• TO DO: Below are some records. Retype exactly the lines from the one containing "Mặt bằng tầng" through the one containing "St. Martin, MS", both included, skipping every picture.

• RECORDS FOR THE EXERCISE:
⟨

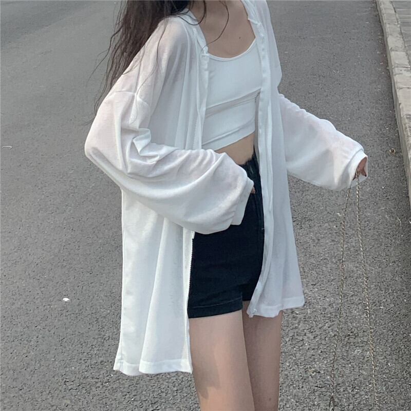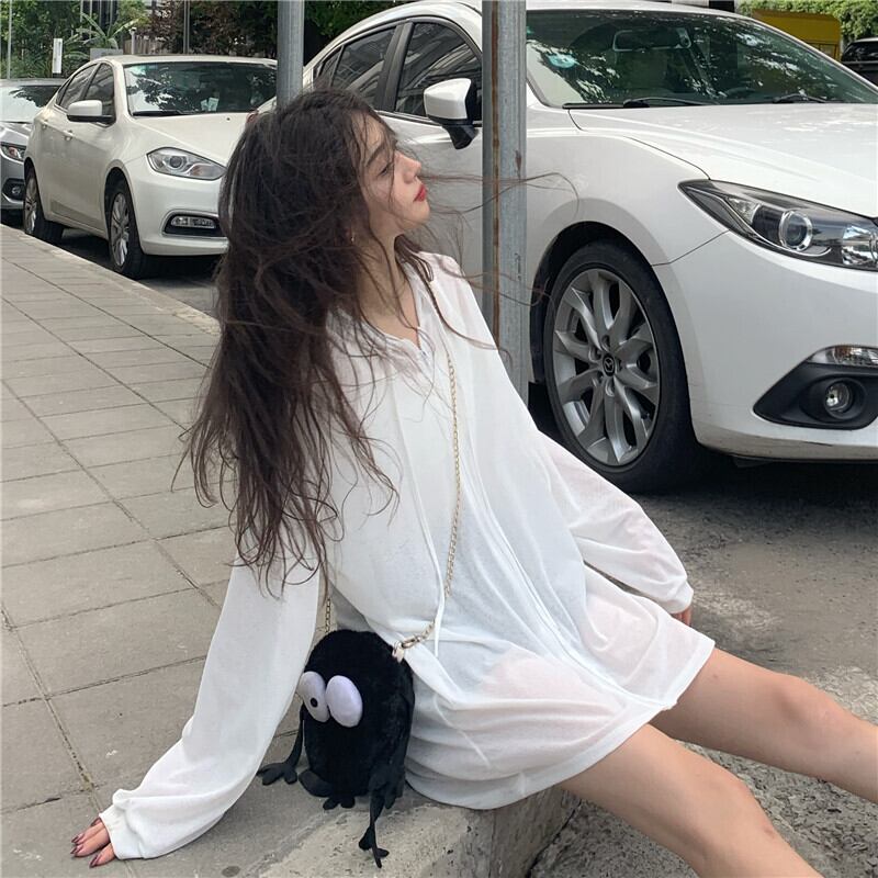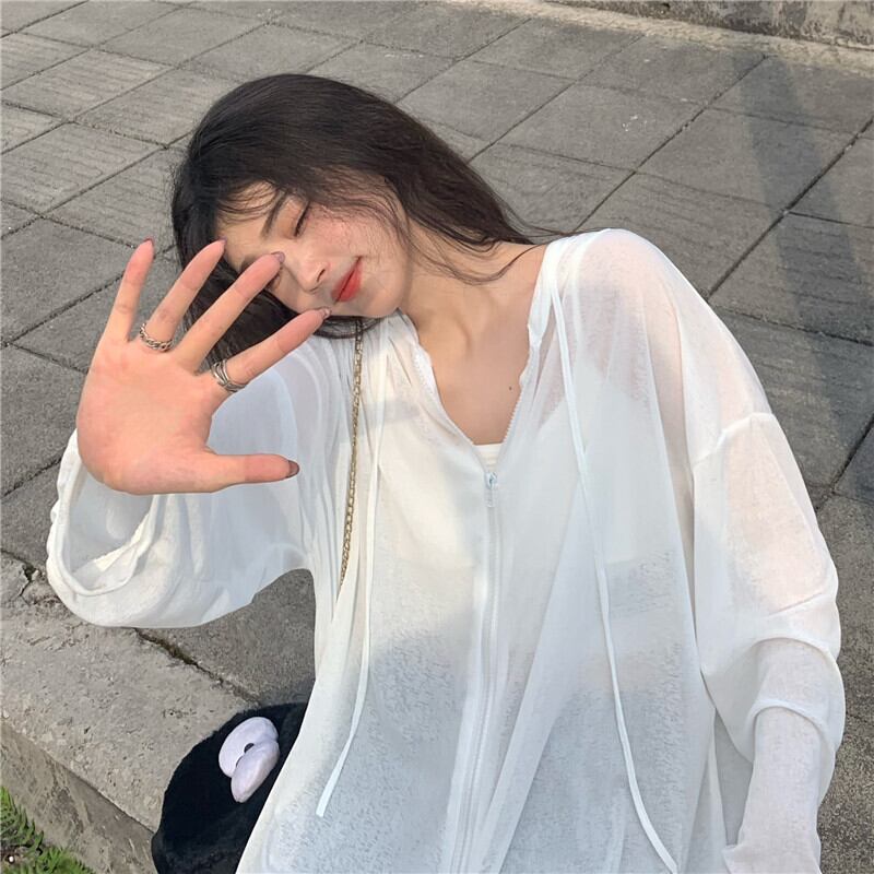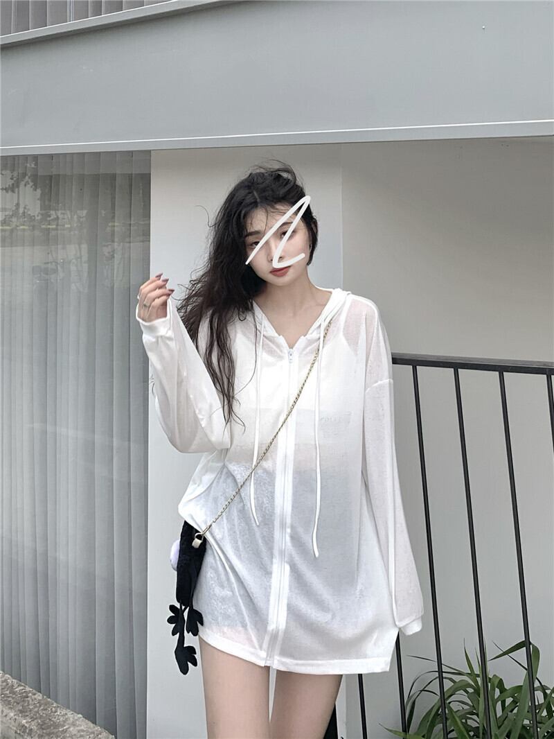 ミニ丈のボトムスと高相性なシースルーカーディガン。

⟩
⟨

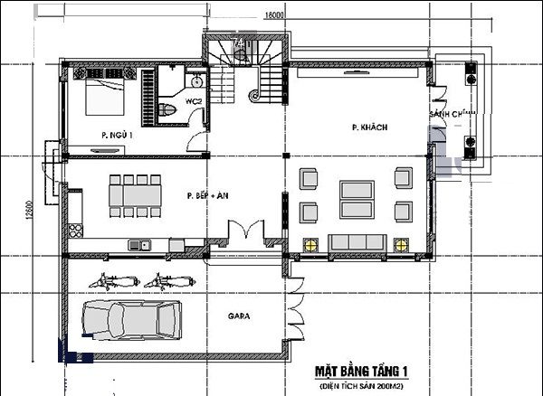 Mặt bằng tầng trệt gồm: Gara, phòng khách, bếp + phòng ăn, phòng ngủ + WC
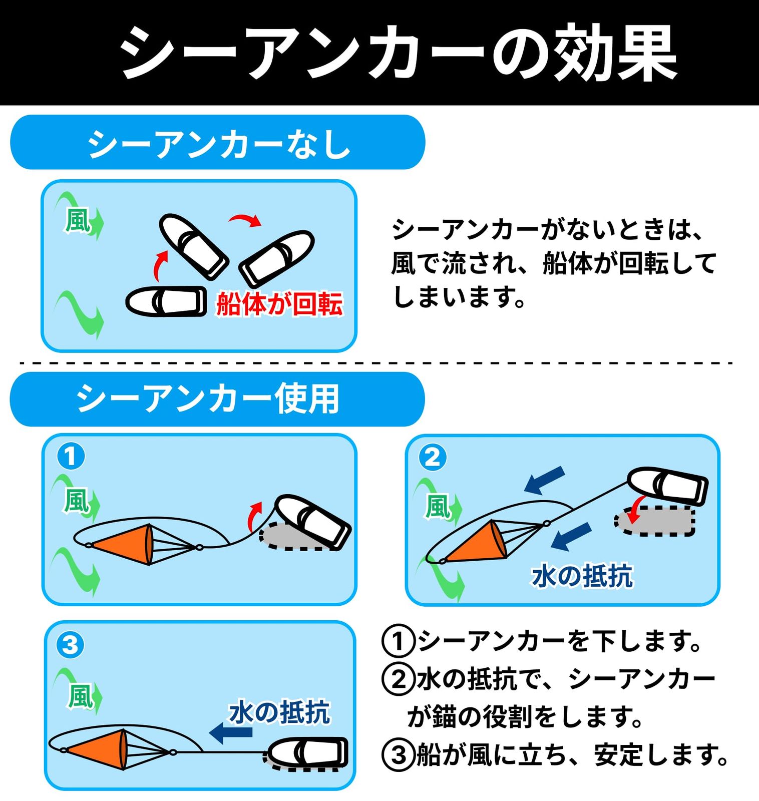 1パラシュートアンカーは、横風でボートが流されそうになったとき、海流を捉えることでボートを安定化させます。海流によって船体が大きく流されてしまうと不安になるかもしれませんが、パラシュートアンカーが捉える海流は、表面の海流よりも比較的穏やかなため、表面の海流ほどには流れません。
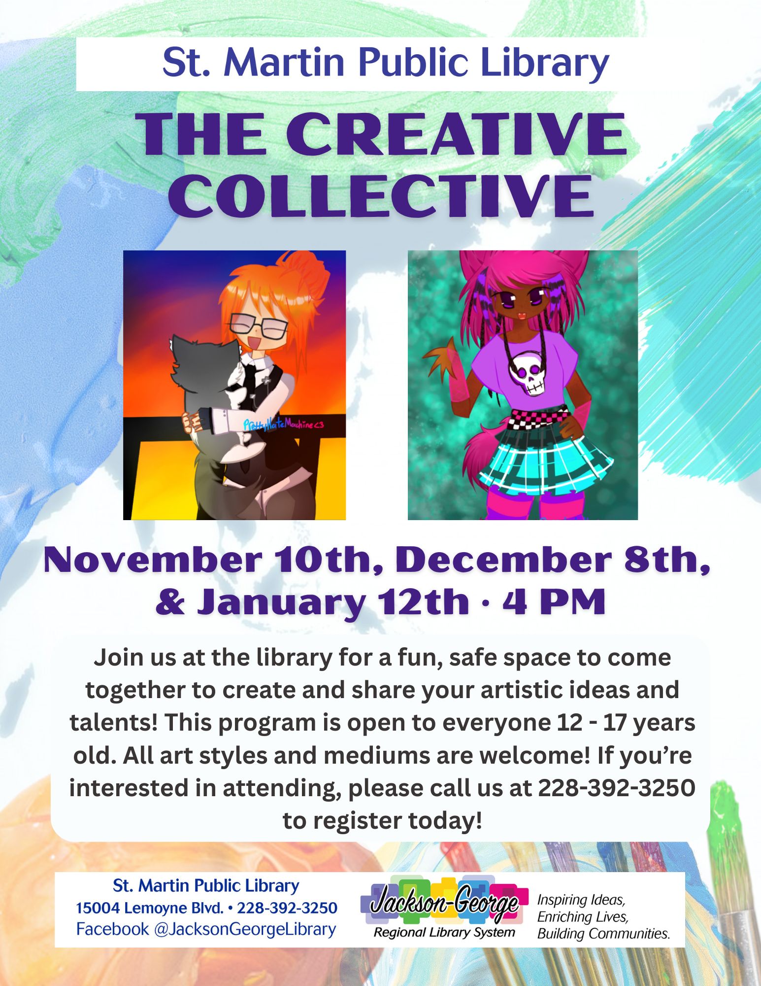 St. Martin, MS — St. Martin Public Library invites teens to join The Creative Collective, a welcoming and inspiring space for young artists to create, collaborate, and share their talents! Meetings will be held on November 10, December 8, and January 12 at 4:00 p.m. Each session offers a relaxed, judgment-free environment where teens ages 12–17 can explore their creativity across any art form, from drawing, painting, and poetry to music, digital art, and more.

⟩

• THE ANSWER:
 Mặt bằng tầng trệt gồm: Gara, phòng khách, bếp + phòng ăn, phòng ngủ + WC
 1パラシュートアンカーは、横風でボートが流されそうになったとき、海流を捉えることでボートを安定化させます。海流によって船体が大きく流されてしまうと不安になるかもしれませんが、パラシュートアンカーが捉える海流は、表面の海流よりも比較的穏やかなため、表面の海流ほどには流れません。
 St. Martin, MS — St. Martin Public Library invites teens to join The Creative Collective, a welcoming and inspiring space for young artists to create, collaborate, and share their talents! Meetings will be held on November 10, December 8, and January 12 at 4:00 p.m. Each session offers a relaxed, judgment-free environment where teens ages 12–17 can explore their creativity across any art form, from drawing, painting, and poetry to music, digital art, and more.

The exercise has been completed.